Releía no hace mucho “Lo que creo”, parte de la obra de Bertrand Russell que en España apareció recogida en el libro “Por qué no soy cristiano”, dado a la estampa por Edhasa en 1977 (el tiempo pasa, corazón), y más tarde negativamente emulada por el básico José Antonio Marina en su “Por qué soy cristiano”. Nada que ver. Son dos mundos a infinita distancia intelectual.
Pues bien, recoge el inmenso Russell, en el apartado “Reglas morales” del antedicho trabajo, un par de ideas muy interesantes:
Las reglas morales no deben hacer imposible la dicha instintiva (…). Pero cuando las reglas son tales que sólo pueden obedecerse disminuyendo grandemente la dicha de la comunidad, y cuando es mejor que sean infringidas que observadas, es indudable que ha llegado el momento de cambiarlas.
La dicha instintiva… Estamos llamados a ser dichosos, a disfrutar. Si le hacemos caso a Russell (nos va mucho en ello), no hemos de depreciar la dicha que él adjetiva como instintiva; esto es, aquella “que es obra, efecto o resultado del instinto, y no del juicio o de la reflexión”. Se está dando en los últimos tiempos una alarmante regresión intelectiva y moral hacia el desprecio de los instintos, de aquella animalidad necesaria que nos reconcilia con nuestro yo, devolviéndonos su verdadera imagen recompuesta, no descompuesta por absurdas moralinas que únicamente incrementan el hipócrita flujo de la doble vida. Incluso en los ambientes gays más desinhibidos, un cierto “apostolado” invisible (extensión de religiosas y beatas garras) se deja sentir por doquier, requiriendo la identificación del sexo con el amor.

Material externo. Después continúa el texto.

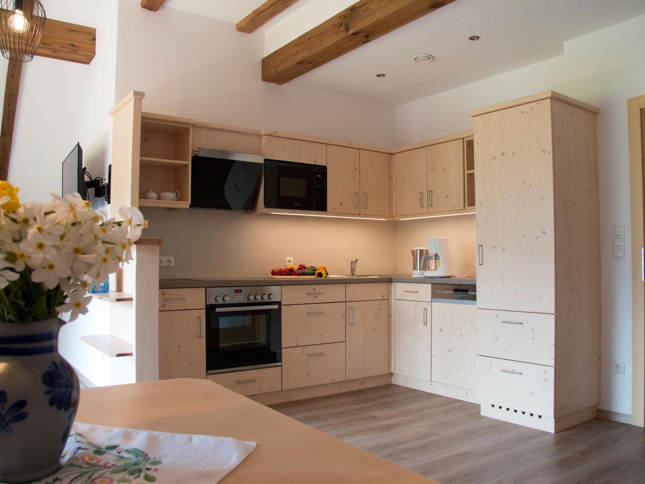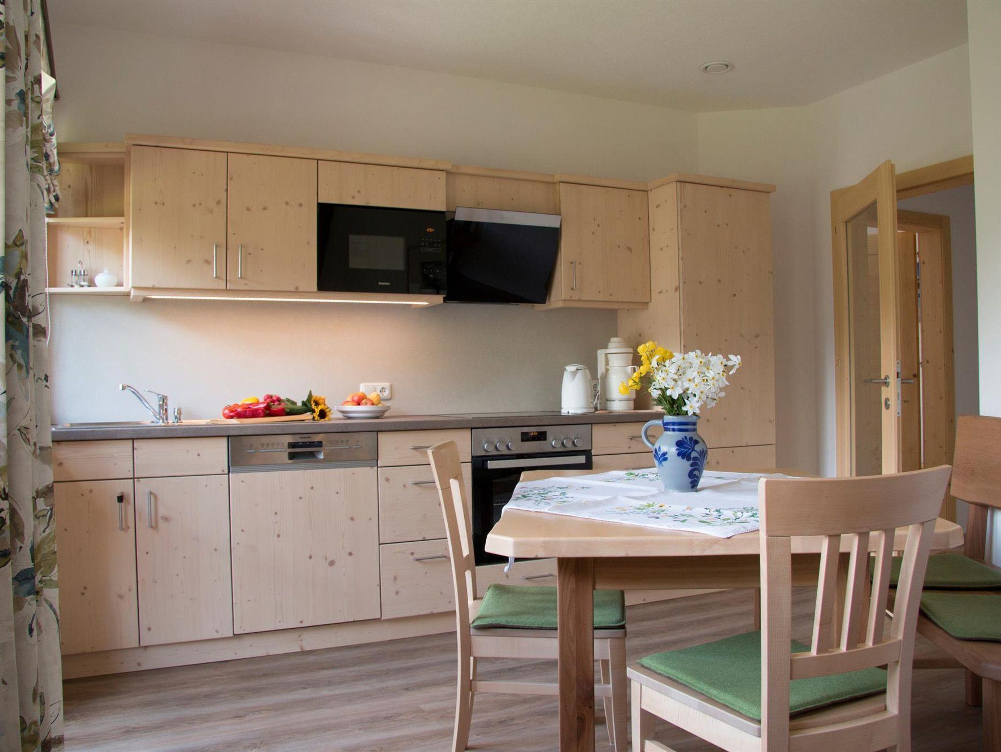 Ferienwohnung 60 m² im neu errichteten Gästehaus mit 2 getrennten Schlafzimmern, gerüumige Wohnküche mit Schlafsofa, gratis Internet, großer Balkon mit herrlichem Ausblick auf viele 2000er, Freizeitraum, Panoramasauna im Haus. Wir bieten Ihnen ein Brötchenservice oder auf Wunsch verwöhnen wir Sie mit einem Frühstück. Viele Tiere zum Streicheln und Liebhaben am Hof. Im Sommer ist die Pyhrn Priel Card inclusive ( gratis benützung der Bergbahnen,..) und im Winter gratis Skibus direkt vorm Haus.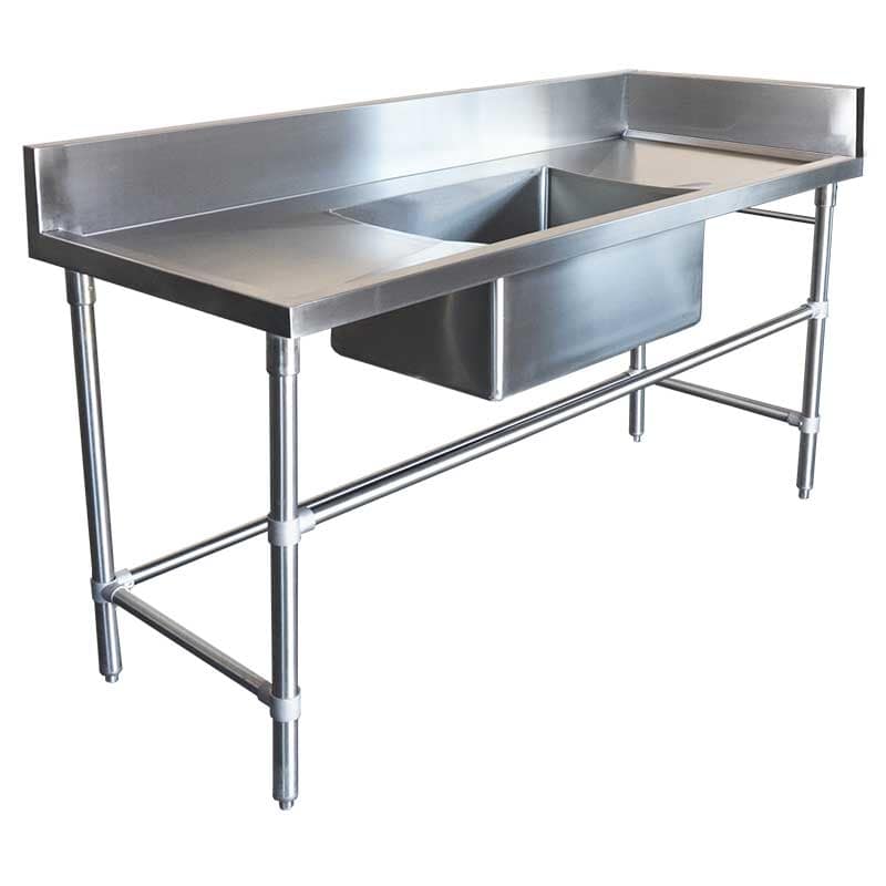 Add a stainless steel splashback extension to convert your sink or bench to a corner unit.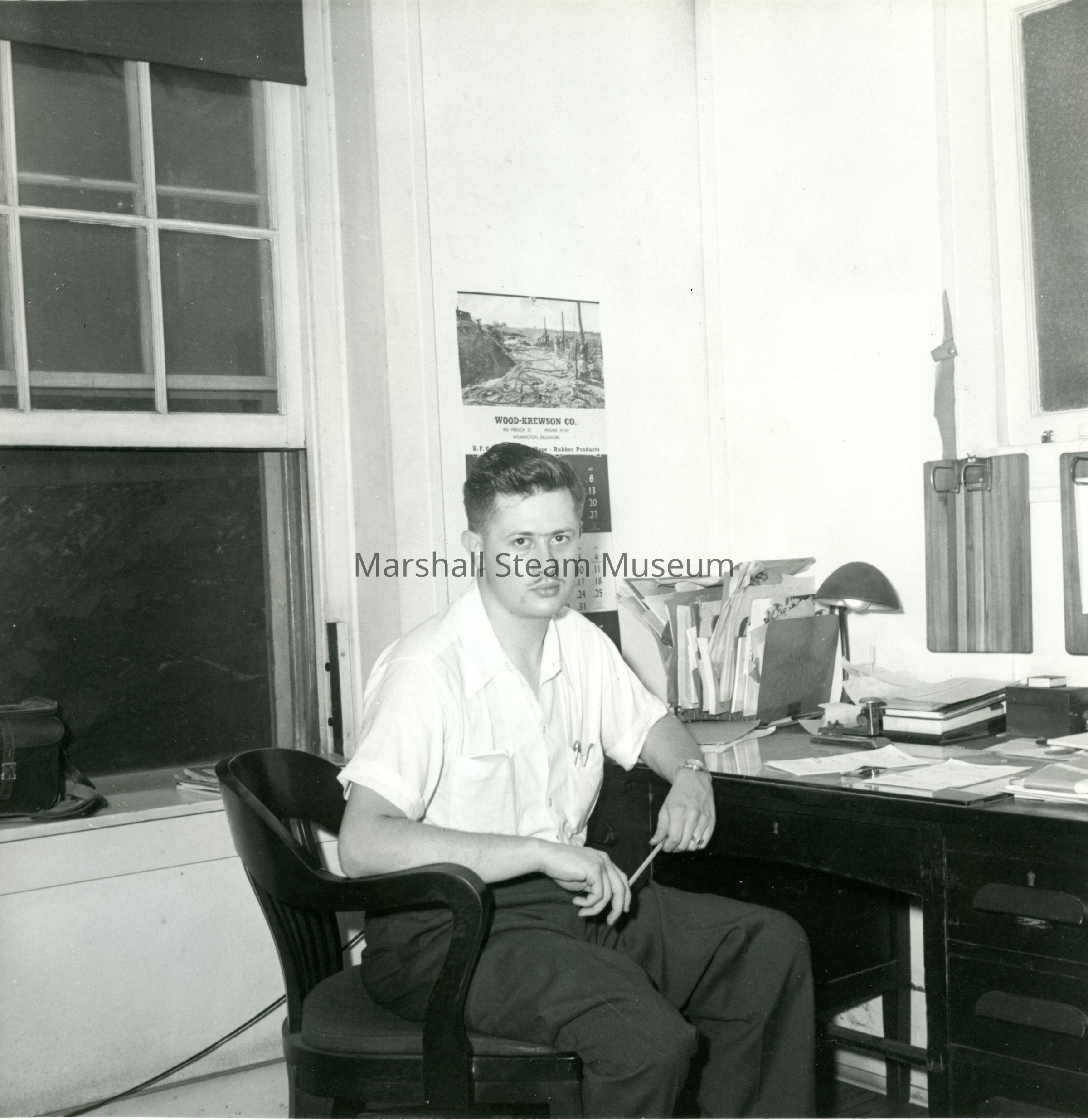 Herb Adelman, president of Crowell Tape Company at desk, 1953Entry/Object ID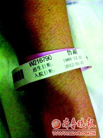 網(wǎng)上發(fā)布的“魯超”的住院手環(huán)。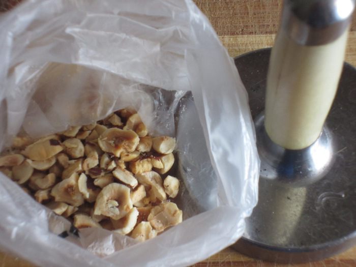 Фундук положить в полиэтиленовый мешок и крупно измельчить.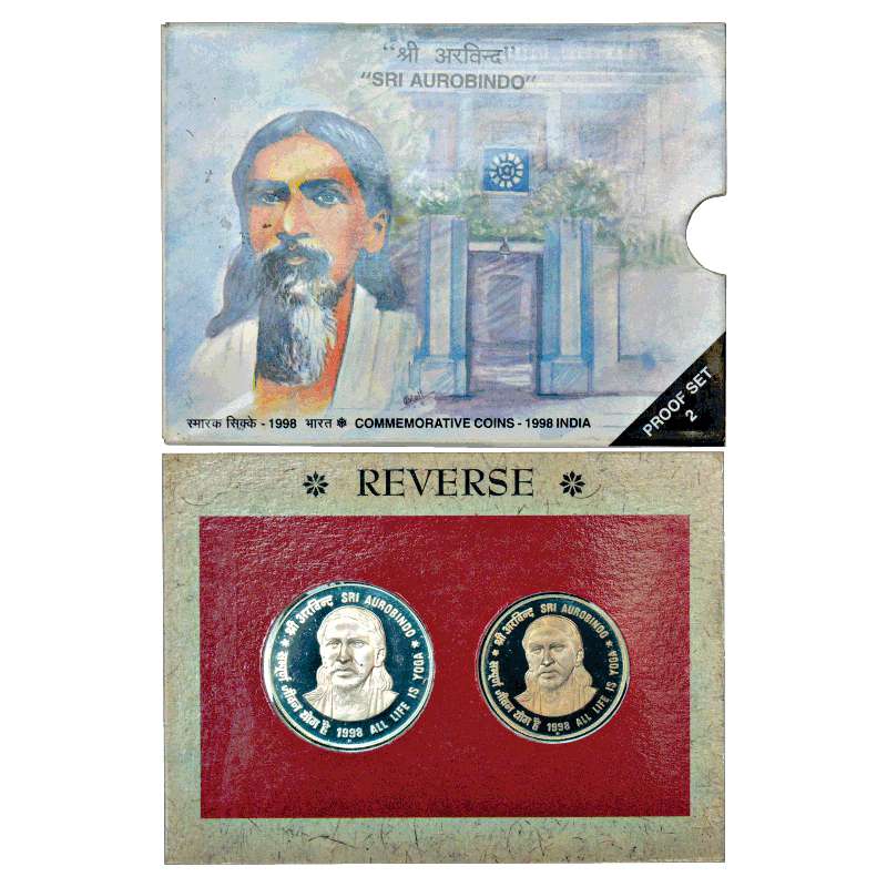 1998, Sri Aurobindo, Proof set of 2 coins, 100 Rupees and 50 Rupees, Mumbai Mint, RB 207, in original mint packing.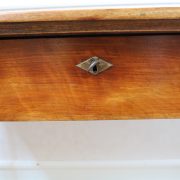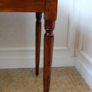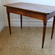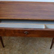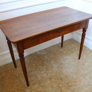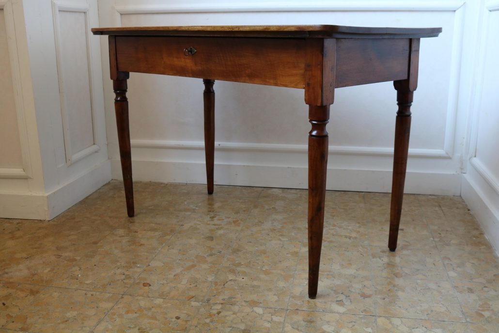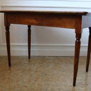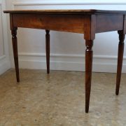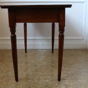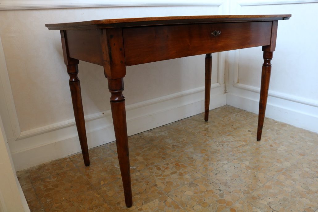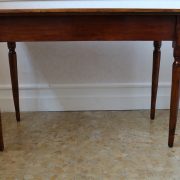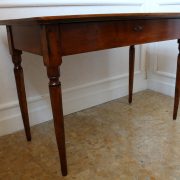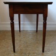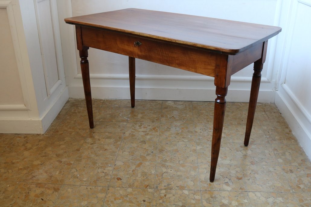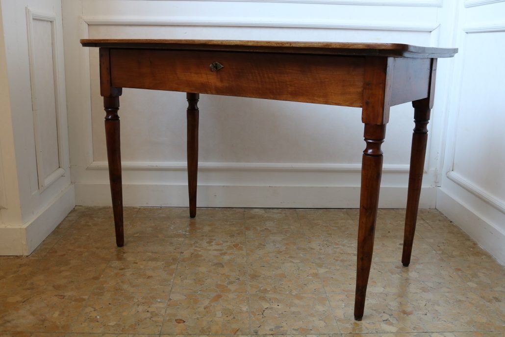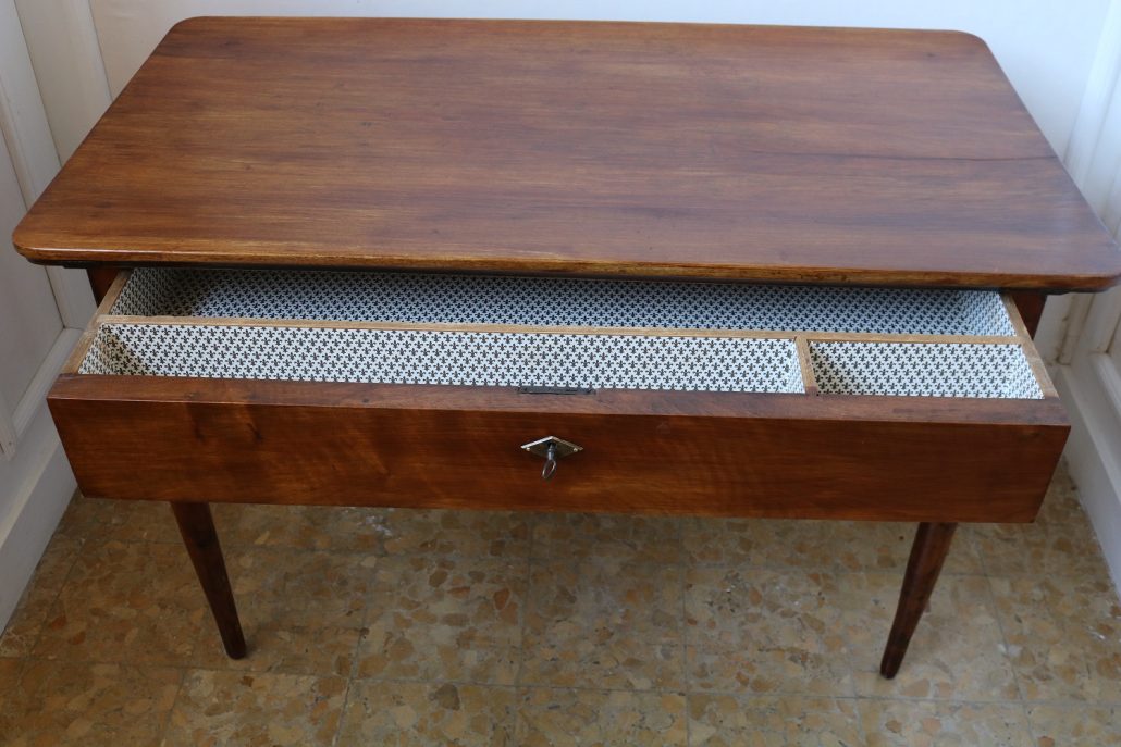 Scrittoio direttorio in noce. Quattro gambe tornite e rastremate, presentano un collarino nei pressi dell’innesto alla fascia sottopiano, dove, frontalmente, è presente un ampio cassetto munito di serratura e suddiviso in comparti al suo interno. Il piano, realizzato in un unico pezzo, presenta un’accentuata sporgenza dalla struttura e si caratterizza per gli angoli stondati, unica decorazione una discreta modanatura nella parte inferiore per alleggerire il notevole spessore. Il mobile di semplicissimo disegno, rivela una particolare ricercatezza nell’unione tra spessori notevoli e leggerezza della composizione. Le superfici, totalmente lisce, enfatizzano la bellezza della nobile essenza di noce. Questo arredo risulta quindi molto leggero e raffinato ma al contempo solido e semplice, tipiche caratteristiche dello stile direttorio sul finire del XVIII Secolo.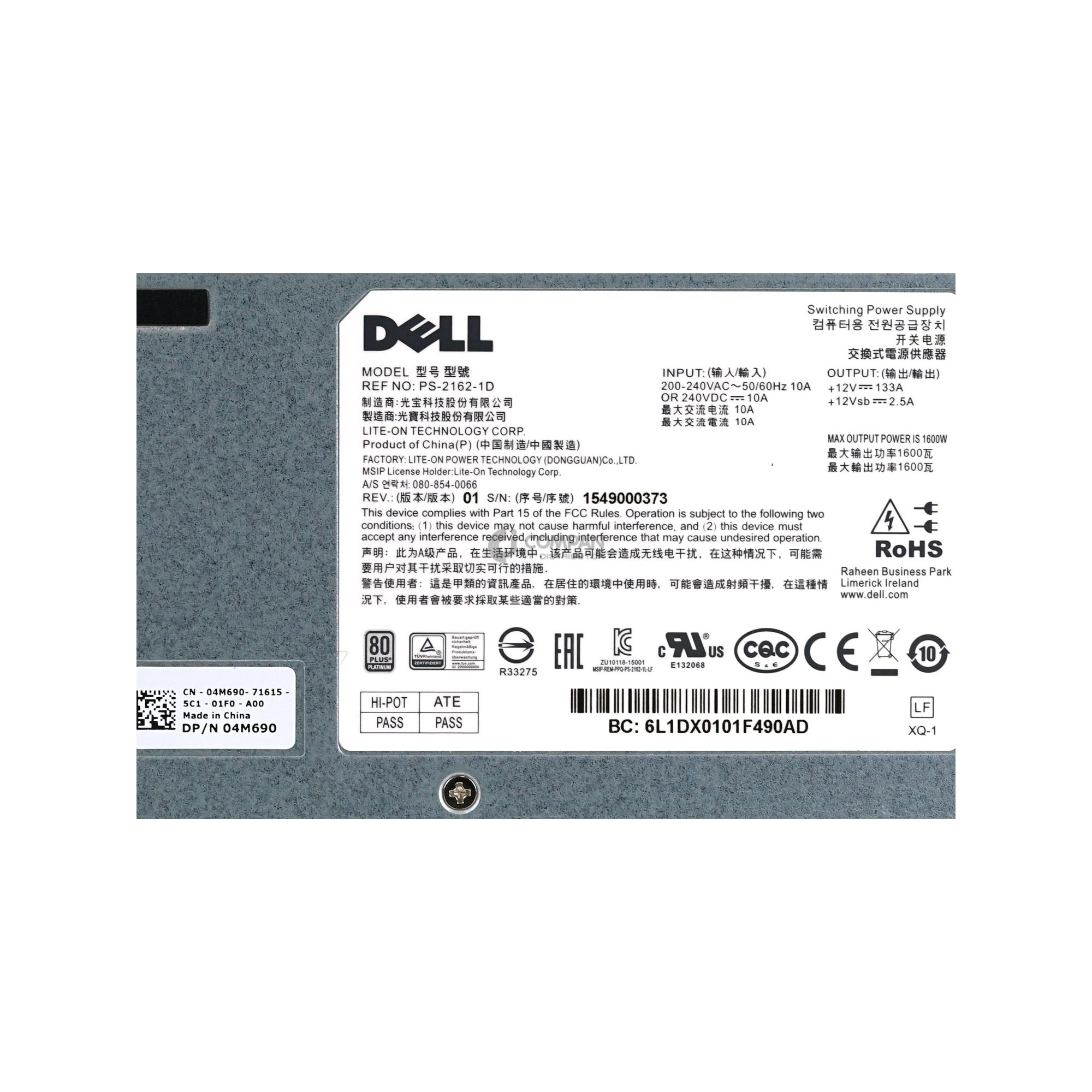 | Description | 1600W 80PLUS PLATINUM POWER SUPLLY |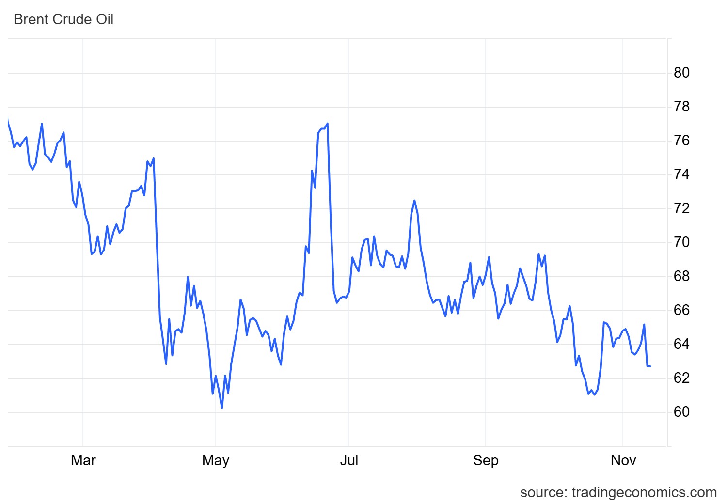 Την Πέμπτη, τα συμβόλαια μελλοντικής εκπλήρωσης του Brent παρέμειναν αμετάβλητα στα 62,71 δολάρια το βαρέλι, μετά από πτώση 3,8% την προηγούμενη ημέρα. Το αμερικανικό αργό West Texas Intermediate σημείωσε μικρή πτώση 0,1%, στα 58,46 δολάρια το βαρέλι, επεκτείνοντας τις απώλειες 4,2% της Τετάρτης. Οι αναλυτές απέδωσαν την πτώση σε στοιχεία που έδειξαν ότι τα αποθέματα αργού στις ΗΠΑ αυξήθηκαν κατά 1,3 εκατομμύρια βαρέλια την εβδομάδα που έληξε στις 7 Νοεμβρίου, ενώ τα αποθέματα βενζίνης και αποσταγμάτων παρουσίασαν μείωση.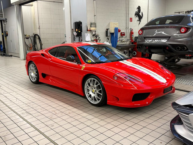 VIN: ZFFDT57B000136989 Year: 2004 Ext. color: Rosso Scuderia Int. color: Red-black alcantara Stripe: Yes (factory) Shields: Yes |

Por qué. ¿Es que hay que estar enamorado para disfrutar de la instintiva dicha del sexo? En absoluto. Es más, es sanísimo para el cuerpo y la mente fornicar muchísimo, cada día muchas veces (ay), hasta la extenuación, sin más acá ni más allá. El amor es otra cosa, que incluye sexo pero ni lo supone ni ha de cercarlo, encarcelarlo o celarse de él. El sexo es eso, sexo, puro, delicioso, liberador instinto que todos, naturalmente, estamos llamados (por nuestra naturaleza) a practicar.
Digan lo que digan quienes inventan esas leyes que pretenden esclavizar nuestra mente agarrándonos por los bajos (Wilde lo expresó finamente), no debemos consentir sus constricciones, sus sofismas sólo en apariencia morales o inteligentes. Particular atención y vigilancia hemos de mantener hacia quienes quieren detentar la supremacía moral desde las diferentes religiones, siempre en detrimento de nuestra libertad, nuestra autonomía personal y nuestra dicha. De ellos dice Russell que fallan en dos aspectos como maestros de moral: condenan actos que no causan daño y perdonan otros que hacen mucho daño. De este modo -continúa-, sólo pueden causar daño como guardianes de la moral de los jóvenes. Que son, desafortunadamente, su principal campo de acción o… coto de caza.
Por tanto, infrinjamos sus reglas, esas falsas promesas de felicidad, bienaventuranza, disfrutes en un más allá del que ellos mismos abominan porque su más acá es increíblemente cómodo y placentero.
Fíjese el lector, si no, en el daño que las religiones nos han causado y nos siguen causando a las personas gays. Daño que persisten en perpetuar de mil maneras, siempre en connivencia con una clase política de corte totalitario, sus acólitos o brazo secular.
A las religiones, concluye Bertrand Russell, les interesa el fenómeno que ellas mismas provocan: la doble moral, la hipocresía, que es un halagador tributo a su poder.
Libérate. Tienes derecho a ser dichoso. Sólo tú eres fuente de moral. Sólo tú eres tu dios.